Recorded data: Begin

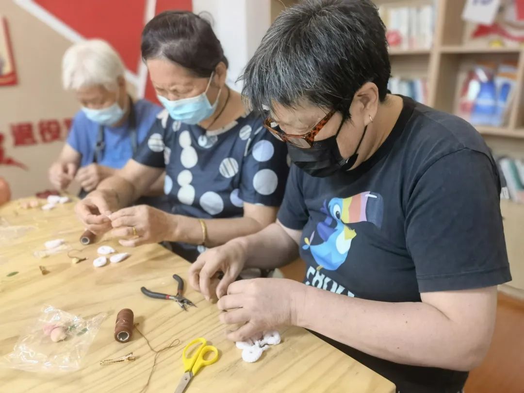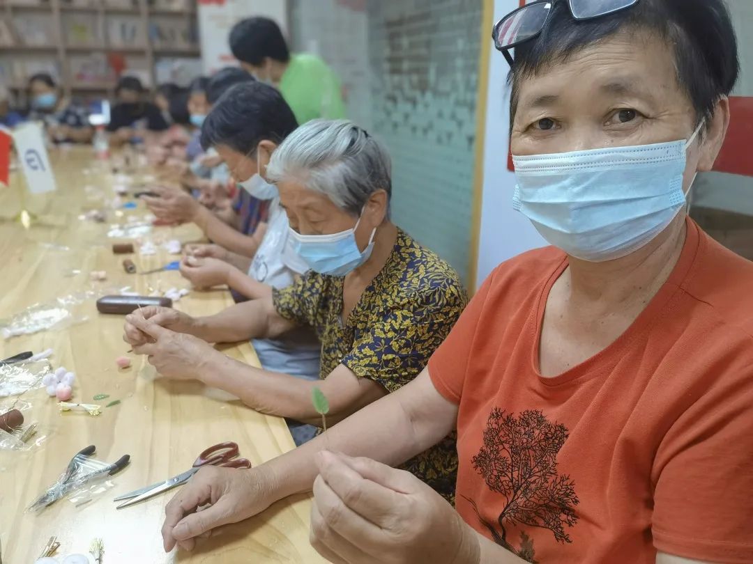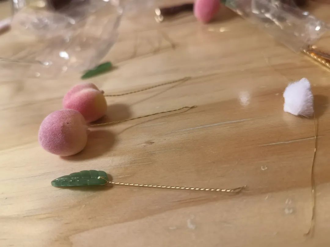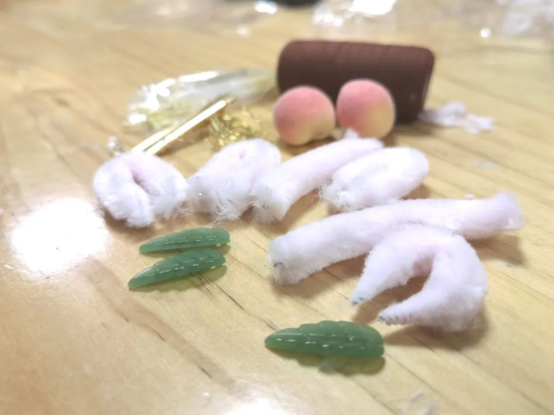 将打过尖的绒条进行造型和组合,搭配做好的绿叶、琉璃珠等辅助材料,经过一系列的“魔法”,一朵朵栩栩如生、惟妙惟肖的“桃花”在学员们指尖绽放。
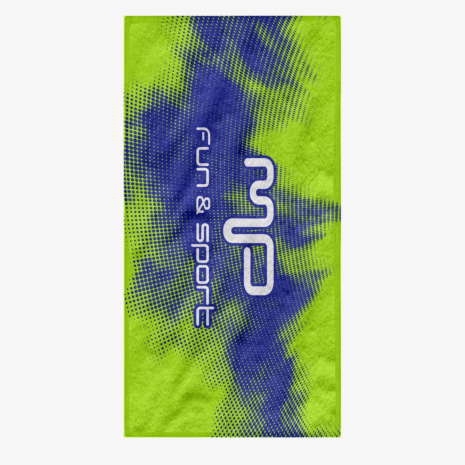 Telo 80×160cm. Lato interno in cotone non stampato. Lato esterno in poliestere stampato in colorazioni Fluo. La trama molto fitta del poliestere garantisce colori molto vivi. Rifinito con cimosa.
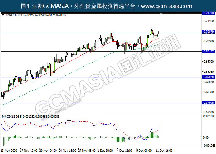 NZDUSD,H4: 纽美震荡上行,目前测试前期压力。然而,MACD多头动能有所略减,短期关注技术性空头回调趋势为主。上方关注0.7095和0.7175压力,下方关注0.7010支撑和0.6900支撑。
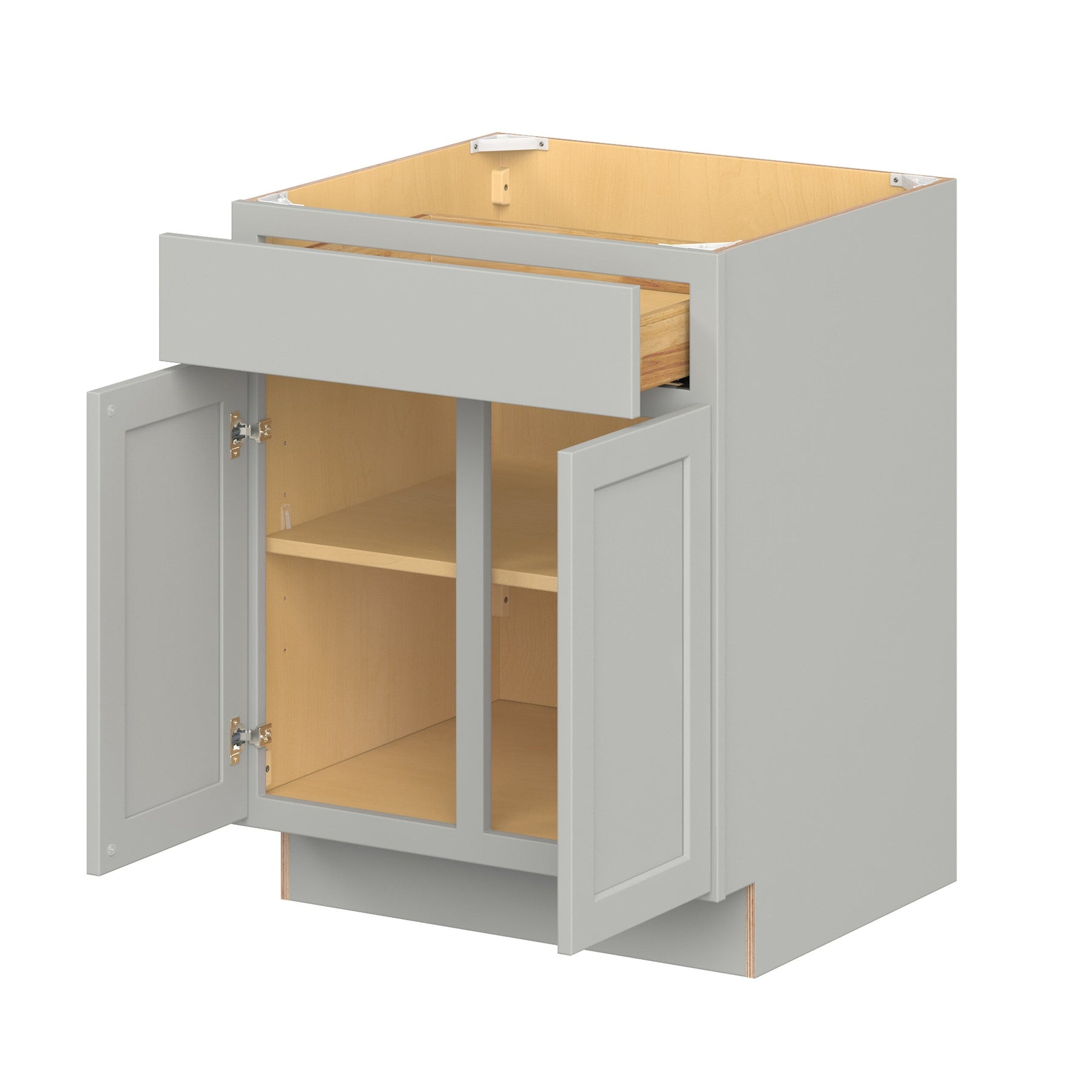 The Hugo&Borg Whisper Gray Base Cabinet combines sleek Shaker style with professional-grade all-plywood construction, making it a premium choice for contractors and homeowners alike. With its innovative Quick Assembly System, this cabinet provides an effortless setup experience, elegantly accented by solid wood dovetail drawers and a modern painted finish.
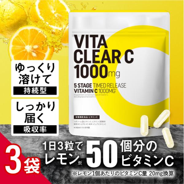 ビタミンC サプリメント ビタクリアC 3袋セット リポソーム型ビタミンC、ビタミンC誘導体、VC-LC70、VC-80R、ピュアビタミン 24時間タイムリリース処方
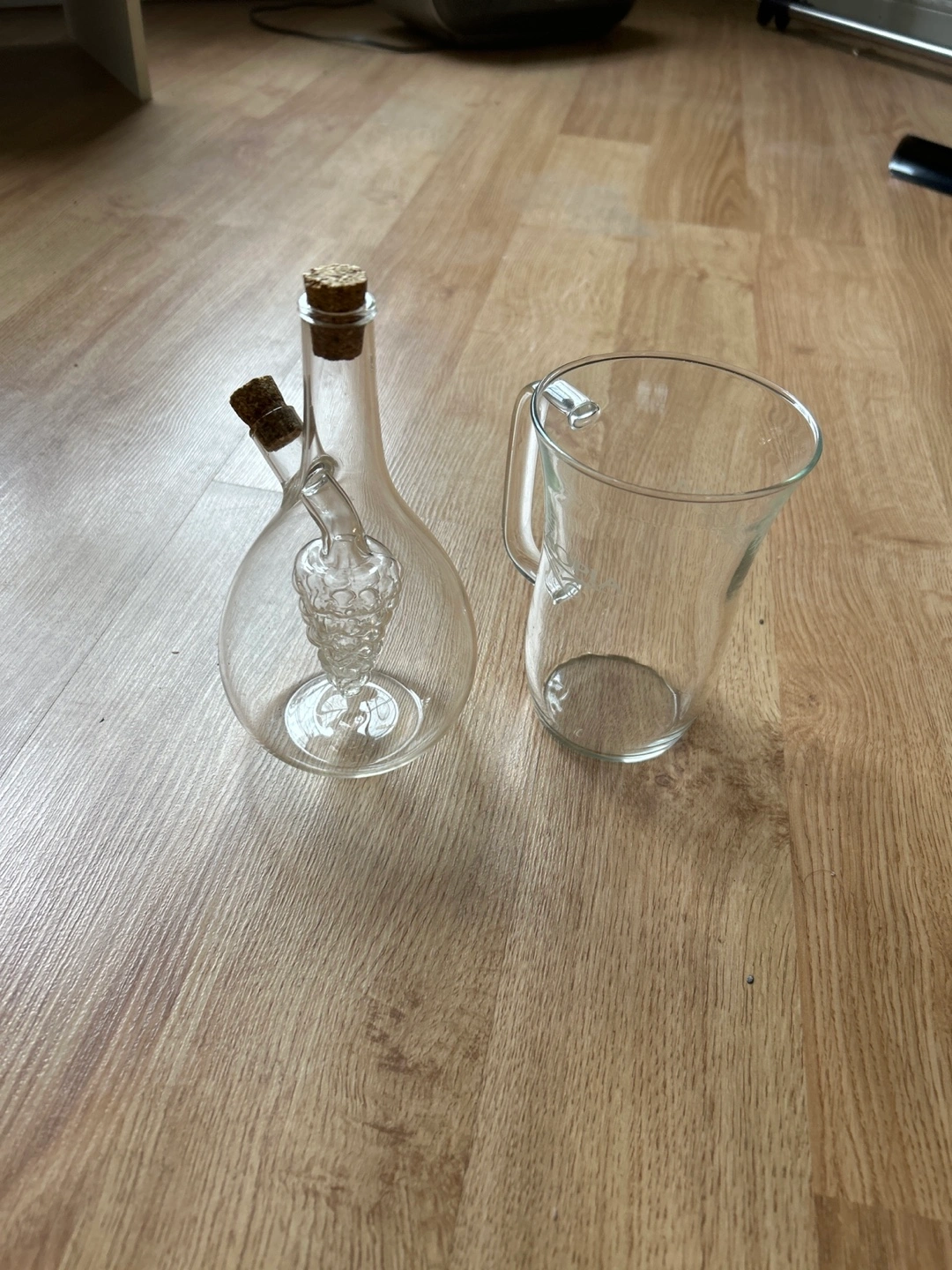 Set includes a glass oil and vinegar dispenser with two separate pour spouts and a small glass mug. Perfect for serving oil and vinegar or other condiments. 1$

Recorded data: End

#### Problem statement
Please set down exactly the lines from the one holding "ビタミンC サプリメント ビタクリアC" through the last line of the entries, both ends included, and skip pictures.

#### Response
 ビタミンC サプリメント ビタクリアC 3袋セット リポソーム型ビタミンC、ビタミンC誘導体、VC-LC70、VC-80R、ピュアビタミン 24時間タイムリリース処方
 Set includes a glass oil and vinegar dispenser with two separate pour spouts and a small glass mug. Perfect for serving oil and vinegar or other condiments. 1$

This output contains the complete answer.